Blog | 5 Patterns to Cut Your Agent's Token Bill

Building agents efficiently is mostly about two things: how many times you call the LLM, and what you send each time it gets called. Teams that figure this out early ship agents that pencil out in production. Teams that figure it out late get the token bill before they get the lesson.

This post walks through five architectural patterns that move both variables in the right direction, with a note on prompt caching along the way.

‍

The Baseline

Many agents run one LLM call per decision, serially. The model says "call lookup_customer." Your code runs it. The model says "now call get_orders." Your code runs it. And so on. Each step re-sends the full growing history plus the system prompt plus the tool definitions.

Oracle's developer blog cites a 4x token multiplier for agents over chat, up to 15x for multi-agent systems. A ten-step conversation can burn hundreds of thousands of tokens. Every pattern below is a cut into that curve.

Before the architectural patterns, one quick cost lever worth knowing about. Anthropic's prompt caching lets you mark the static parts of your prompt (system instructions, tool definitions, prior conversation history) as cacheable. Subsequent calls within a 5-minute window read those portions at 10% of standard input price. On a long system prompt or a long conversation, this is up to 90% cost reduction on the repeated content, with one config field to enable it. It does not change your architecture. It just stops you paying full price for content you already sent. As of early 2026, Anthropic supports automatic caching where the cache point moves forward as the conversation grows. Turn this on for the baseline pattern and every pattern below. It stacks with everything else in this post.

‍

Moving orchestration out of the LLM

The first three patterns share an architectural shape: the model makes one call to decide the work, code runs the tools, and the model makes one final call to compose the reply. What varies between them is who decides the sequence of tool calls and when that decision gets made. That choice has consequences for how adaptive, how auditable, and how predictable the resulting agent is.

All three cut the naive 5+ call loop down to 2 LLM calls. The right choice depends on how much of the workflow you know in advance.

Parallel tool calls

Modern models can return multiple independent tool calls in one inference. Instead of four sequential turns to gather four pieces of data, the model outputs all four tool calls in one response and your code fires them concurrently.

Anthropic's guidance confirms Claude 4 models do this natively. The anthropic-parallel-calling repo shows the pattern end-to-end.

Who owns the sequence: the model, at inference time. It looks at the available tools and decides what to fire in parallel.
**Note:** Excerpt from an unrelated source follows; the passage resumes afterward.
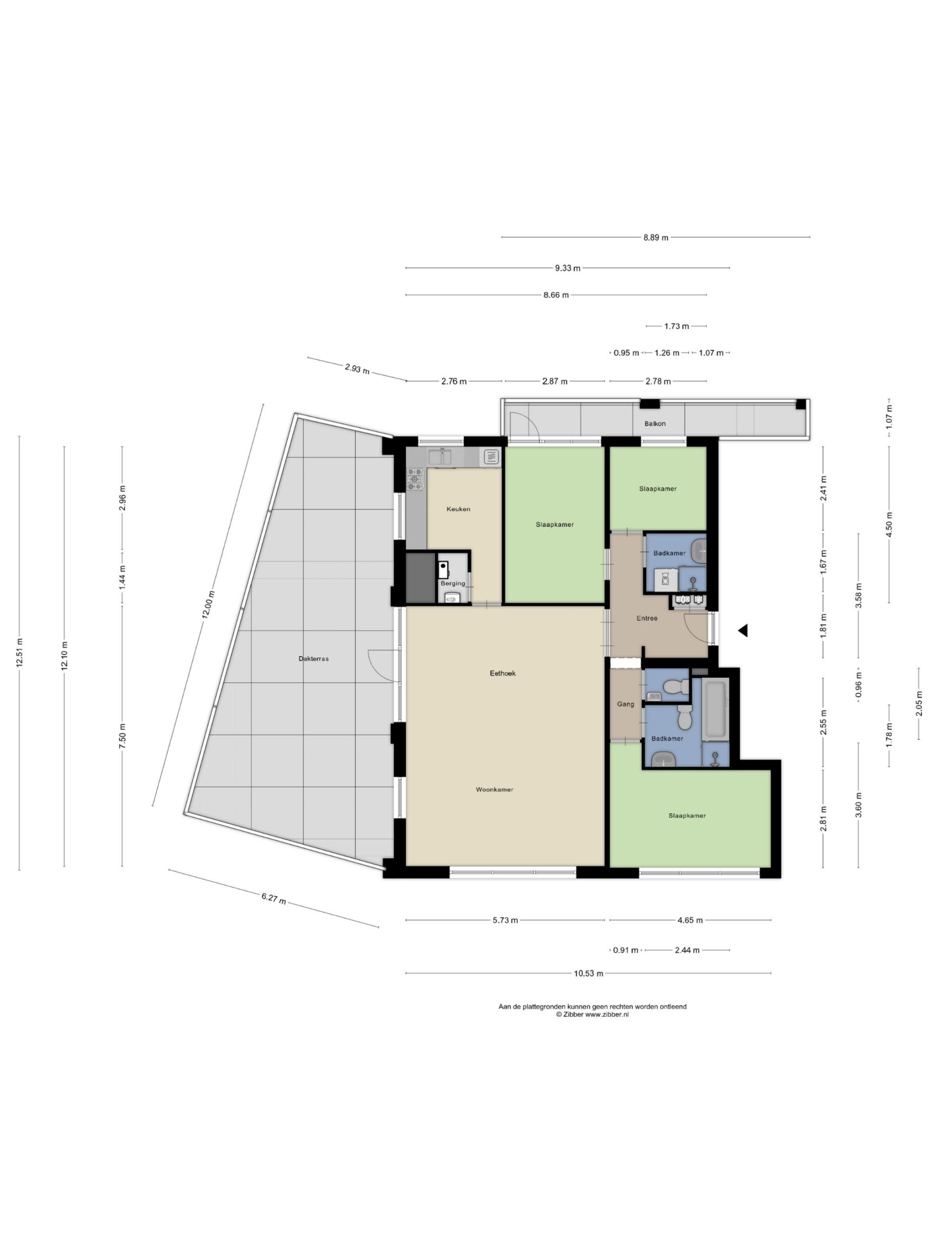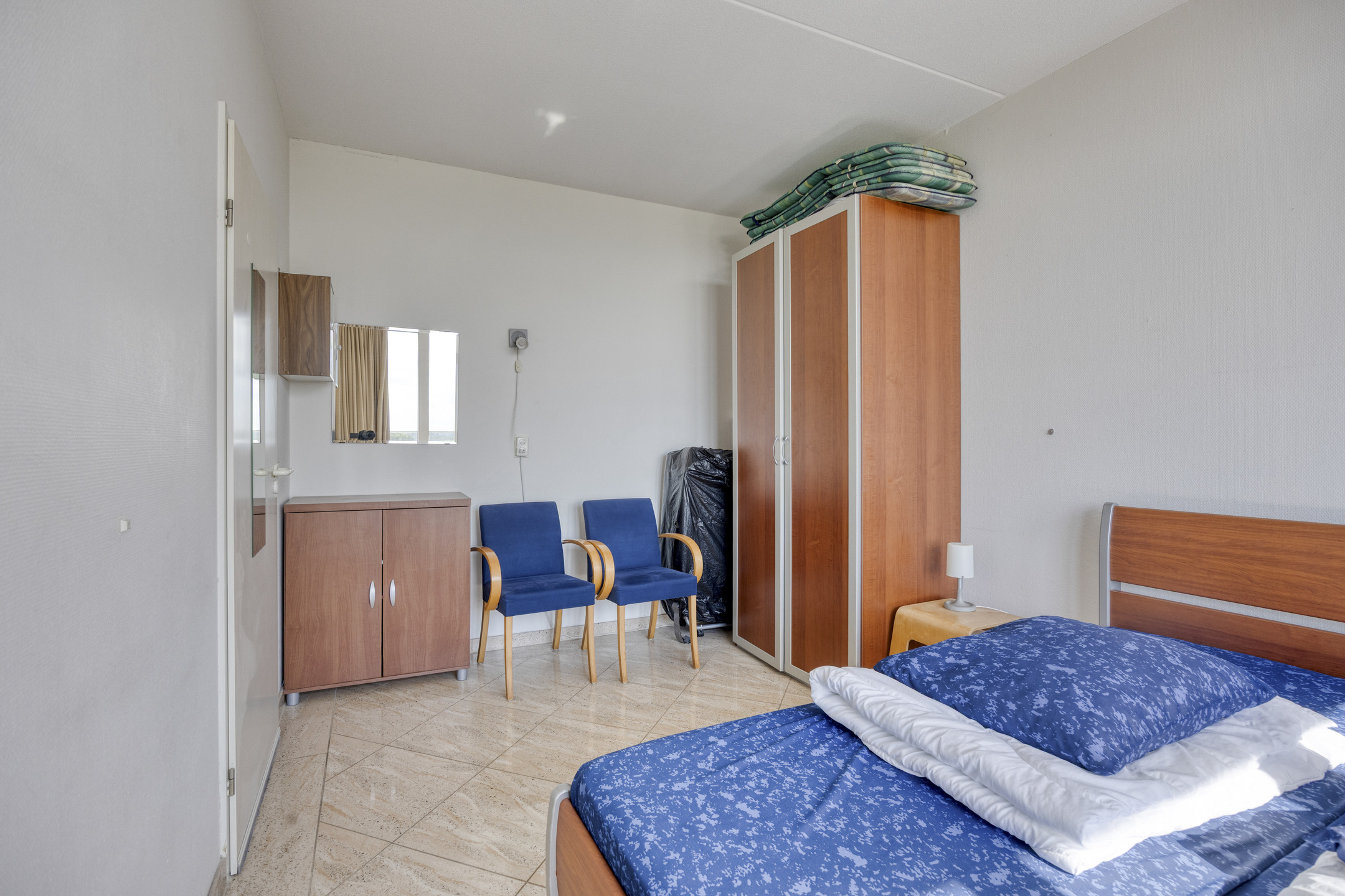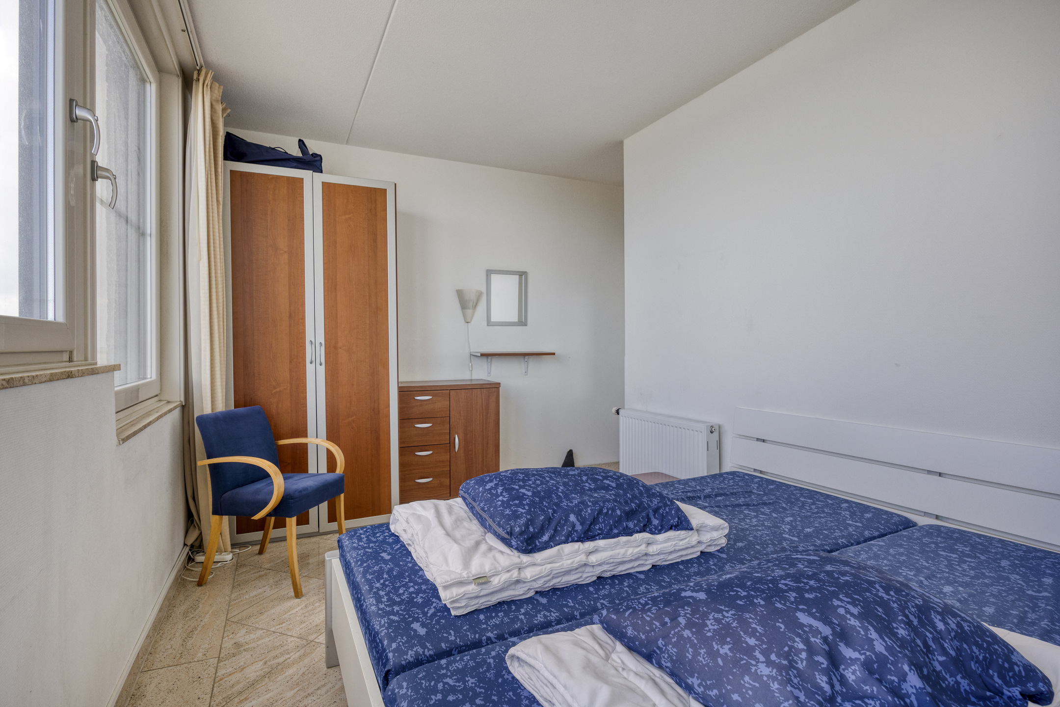 Het appartement beschikt over drie slaapkamers. Eén van de kamers biedt via een openslaande deur toegang tot het balkon aan de landzijde. Daarnaast zijn er twee badkamers aanwezig. De badkamer aan de landzijde is voorzien van een douche, toilet, wasmachineaansluiting en wastafel, terwijl de badkamer aan de zeezijde beschikt over een ligbad, douche, toilet en wastafel.

Best for: data gathering where the pieces are independent. Lookups, searches, enrichment calls that do not depend on each other.

Where it breaks: parallel only helps if the tools are actually parallel. If each call hits a different vendor with its own rate limits, you are bottlenecked by the slowest one. The first time you notice is usually when a rate limit on one API causes the whole turn to stall while three other calls sit completed waiting for the fourth.

‍

Plan, then execute

For dependent work, ask the model for a plan as structured output. Your code executes the plan step by step. Retrieval and validation steps do not need the LLM at all. Only steps that require reasoning go back to the model.

Anthropic calls this programmatic tool calling and reports that orchestrating 20+ tool calls in code "eliminates 19+ inference passes." The Anthropic Cookbook patterns repo has working implementations.

Who owns the sequence: the model, upfront. It produces an explicit plan with dependencies that your code then walks.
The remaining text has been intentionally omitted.